According to Autodata technical data, it says; CO level at idle speed - tailpipe: 0.5 +/- 0.3 CO level at idle speed - sample pipe: 0.7 +/- 0.5 CO content at increased idle speed 0.3

Reply to
redwood

PS, I think Autodata have the decimal point wrong in the +/- figures, I'm guessing it should be 0.03 & 0.05

Reply to
redwood

Mike G ( snipped-for-privacy@lycos.co.uk) gurgled happily, sounding much like they were saying :

There's your answer. How much more of an answer do you need?

Reply to
Adrian

Have you been following the thread?

I'd like a specific answer. IOW the correct CO figure for my car. mrcheerful reckons the figure for my car is a max of 0.30% A main BMW MOT test station reckons it passes with 0.50% or less. The extract quoted says the figure is specified by the vehicle manufacturer. So what is it? 0.30%, 0.50%, or something else?

I'm inclined to believe mrcheerful is right, but at the same time, one would expect a main BMW garage that also does MOT's, (probably testing a larger percentage of BMW's than most test stations) would know the correct figures for my particular car.

I don't know how test computers work. Does the operator simply feed in the details of the vehicle and the test programme does the rest? Or are emission parameters set manually?
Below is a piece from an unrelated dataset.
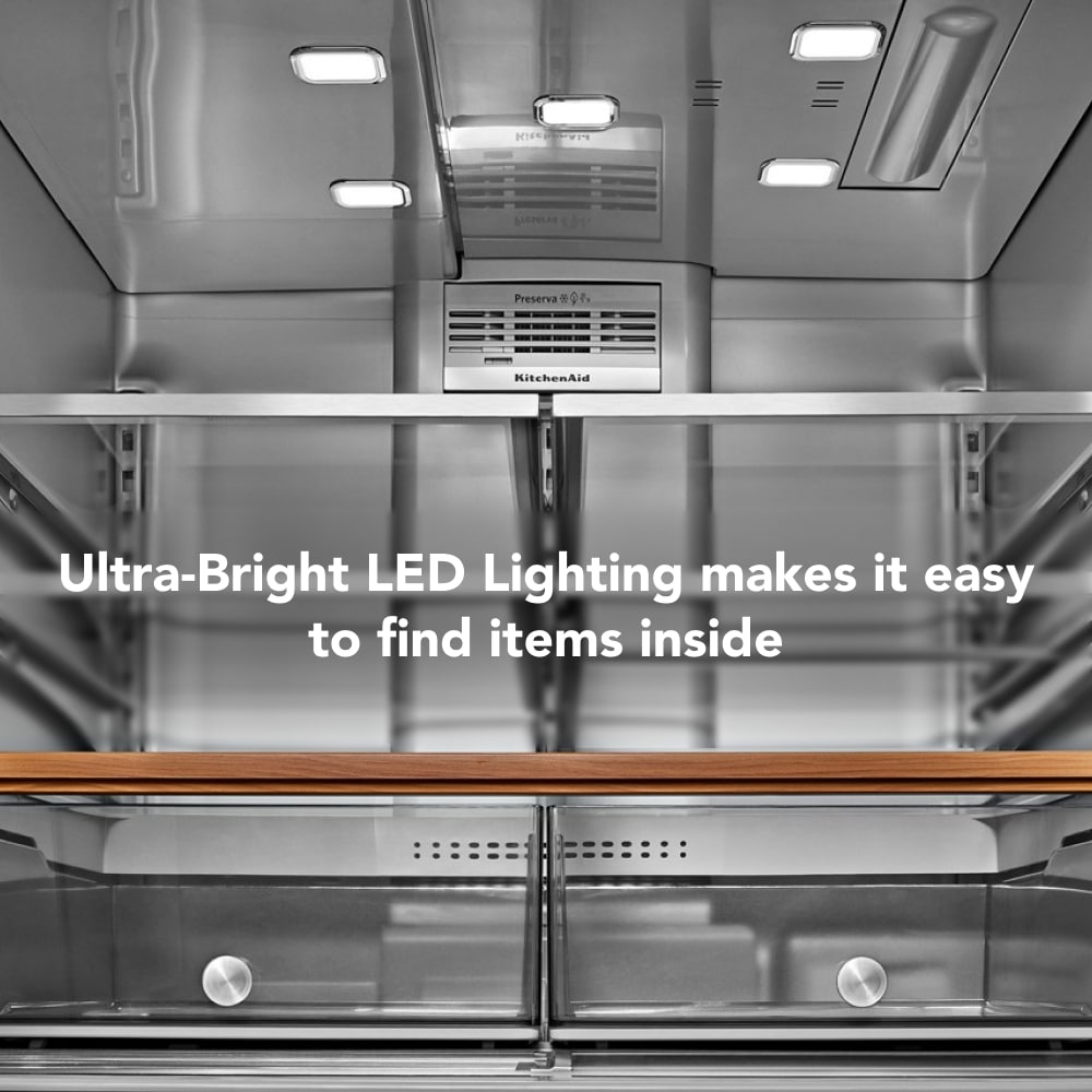 The difference is in the details. This KitchenAid® multi-door French door refrigerator has a Signature Platinum Interior that wows from the inside out with wood-look trim and metallic touchpoints. The FreshChill™ Full-Width Refrigerated Drawer lets you customize temperature settings for the items you reach for most. And a Three-Tier Freezer Drawer conveniently organizes frozen foods so they’re easy to find.

Mike.

Reply to
Mike G

The manufacturers 'limits' and the MoT limits are not the same thing.

Except in a few specific cases the MoT emission limits are the same for everything since about 1993 (i.e. everything with a cat) and that is:

fast idle test: engine speed within the area of 2500 - 3000 co less than 0,20 hc less than 200ppm

natural idle: between 450 and 1500 rpm co less than 0.30

if the initial generic test fails then the garage will do a specific vehicle test if appropriate, the parameters for which might be slightly different, perhaps a higher fast idle or whatever, but the co is the same.

if the original manufacturer figure is higher than mot limits then the mfr figure is used, in your case the mfr limits come below the mot limits so the mot limits are appropriate.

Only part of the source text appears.